*** Opening of Records to process ***

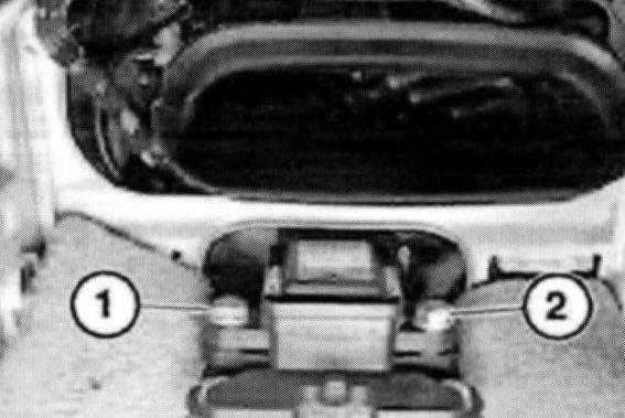 Release screws (1) and (2).
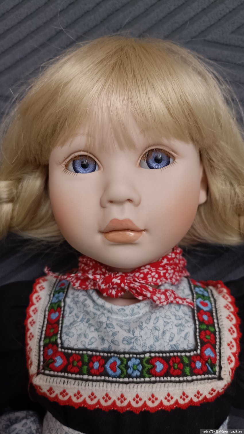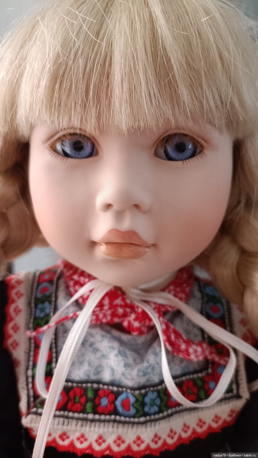 Ищет дом редкая коллекционная фарфоровая кукла Pauline Bjonness Jacobsen в образе норвежской девочки, лимит указан на теле и на шее куклы, рост 21" дюйм или 53см.
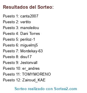 Lista de participantes: TOMYMORENO, Jestonvall, miguelmj5, Zairoud_KAE, Dani Torres, vertito, periloz-1, Mordekay-63, canta2007, disu17, er_andres, manoleilou.
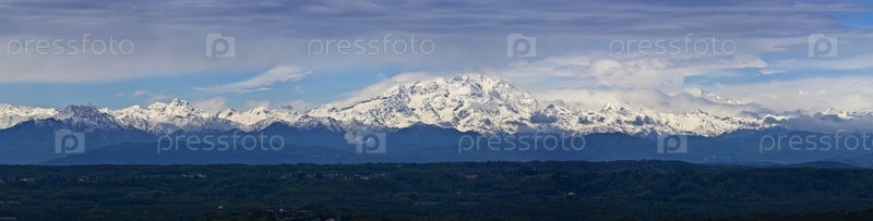 Италия, Пьемонте, панорамный вид итальянских Альп и горы Роза
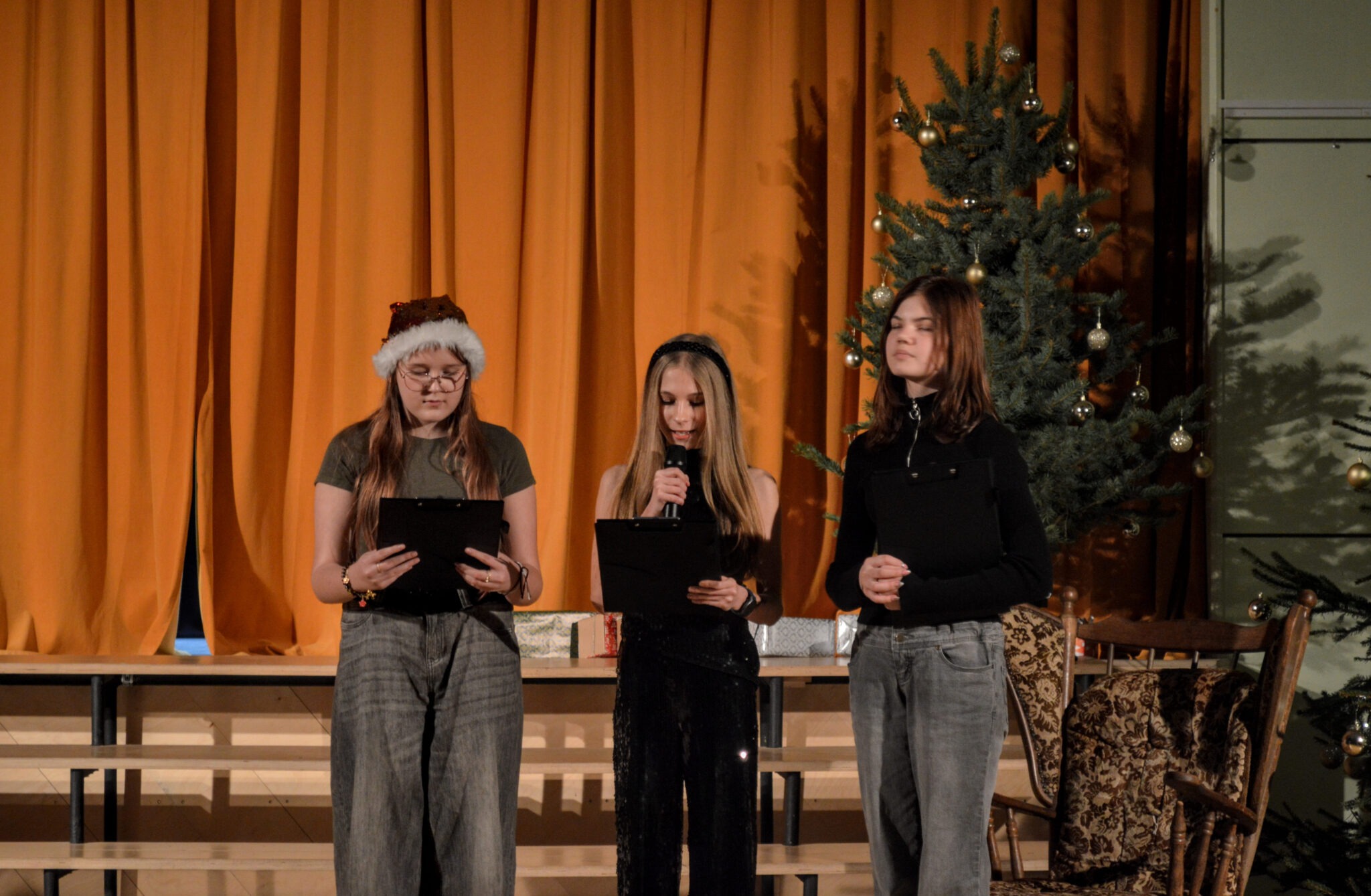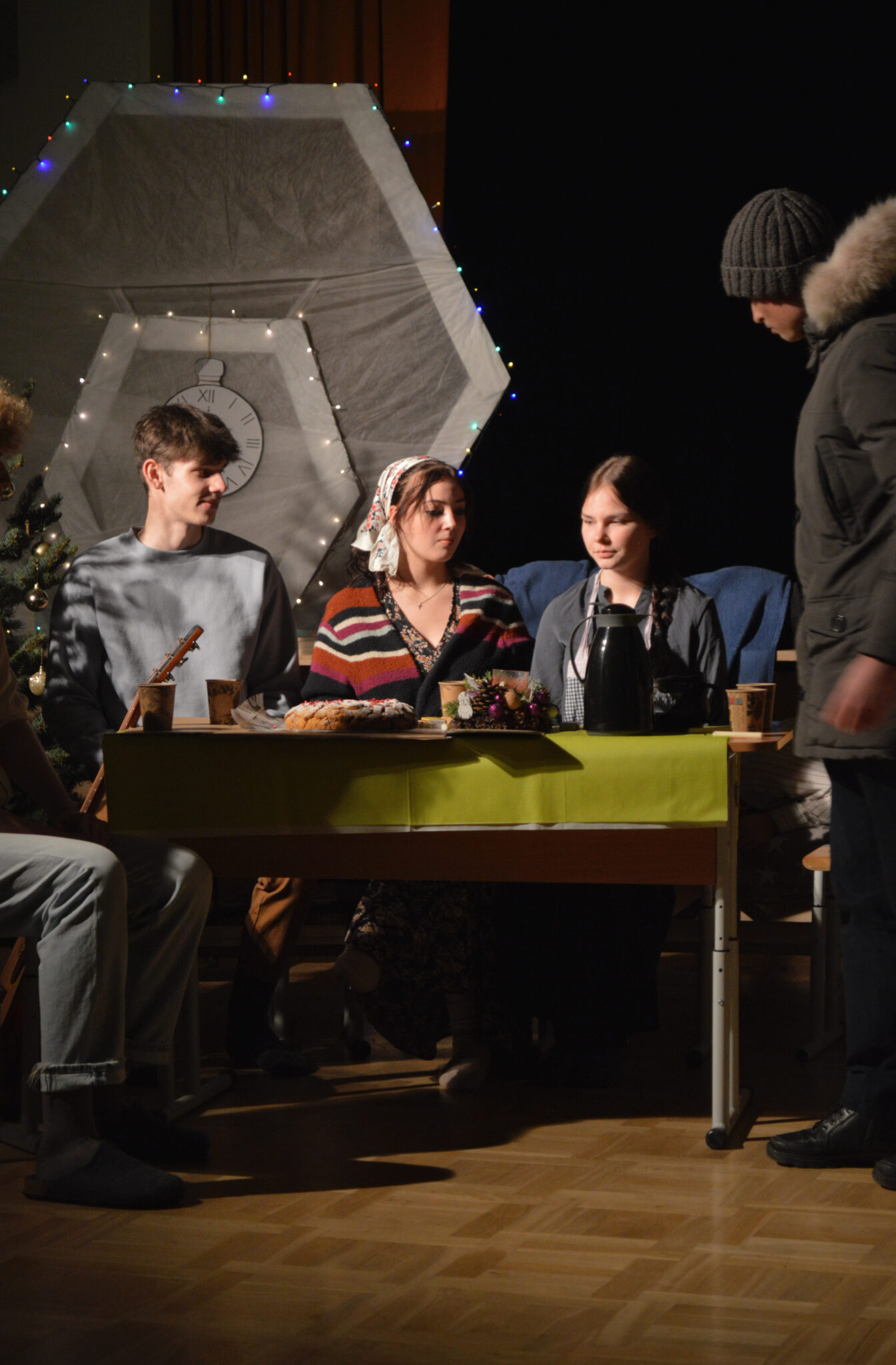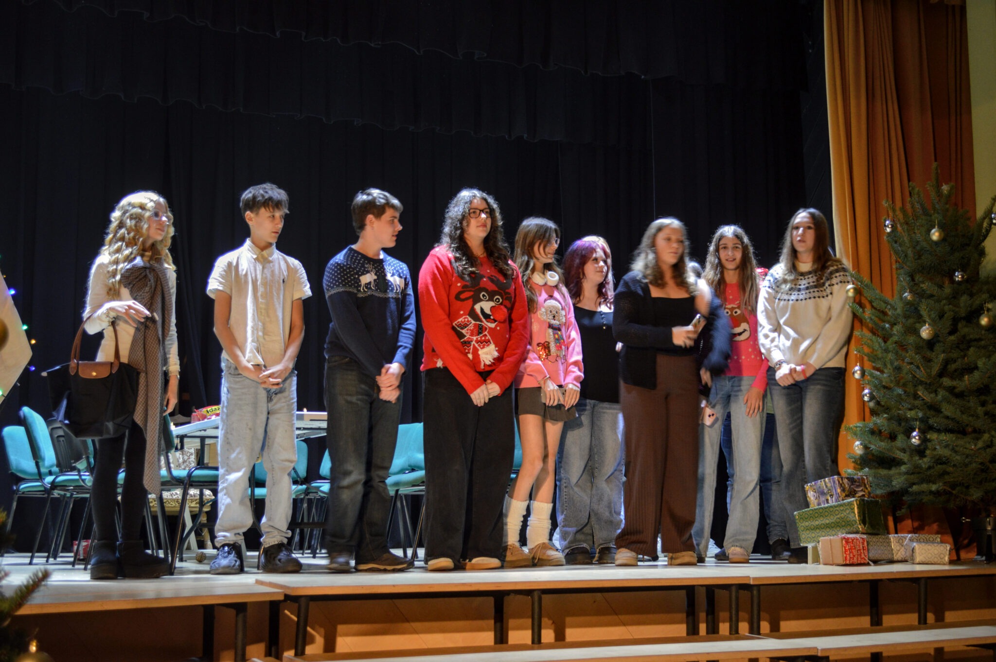 Kā pirmie uzstājās 10. klase, kas ļāva mums ieskatīties pavisam tālā pagātnē. Viņi mūs aizveda vistālāk atpakaļ laikā un atgādināja par pašu Ziemassvētku būtību – par Jēzus Kristus piedzimšanu, notikumu, kura dēļ mēs vispār svinam Ziemassvētkus.

*** Close of Records to process ***

• **Task statement**
Output the whole of the data, unchanged; keep the pictures out.

• **Output of the exercise**
 Release screws (1) and (2).
 Ищет дом редкая коллекционная фарфоровая кукла Pauline Bjonness Jacobsen в образе норвежской девочки, лимит указан на теле и на шее куклы, рост 21" дюйм или 53см.
 Lista de participantes: TOMYMORENO, Jestonvall, miguelmj5, Zairoud_KAE, Dani Torres, vertito, periloz-1, Mordekay-63, canta2007, disu17, er_andres, manoleilou.
 Италия, Пьемонте, панорамный вид итальянских Альп и горы Роза
 Kā pirmie uzstājās 10. klase, kas ļāva mums ieskatīties pavisam tālā pagātnē. Viņi mūs aizveda vistālāk atpakaļ laikā un atgādināja par pašu Ziemassvētku būtību – par Jēzus Kristus piedzimšanu, notikumu, kura dēļ mēs vispār svinam Ziemassvētkus.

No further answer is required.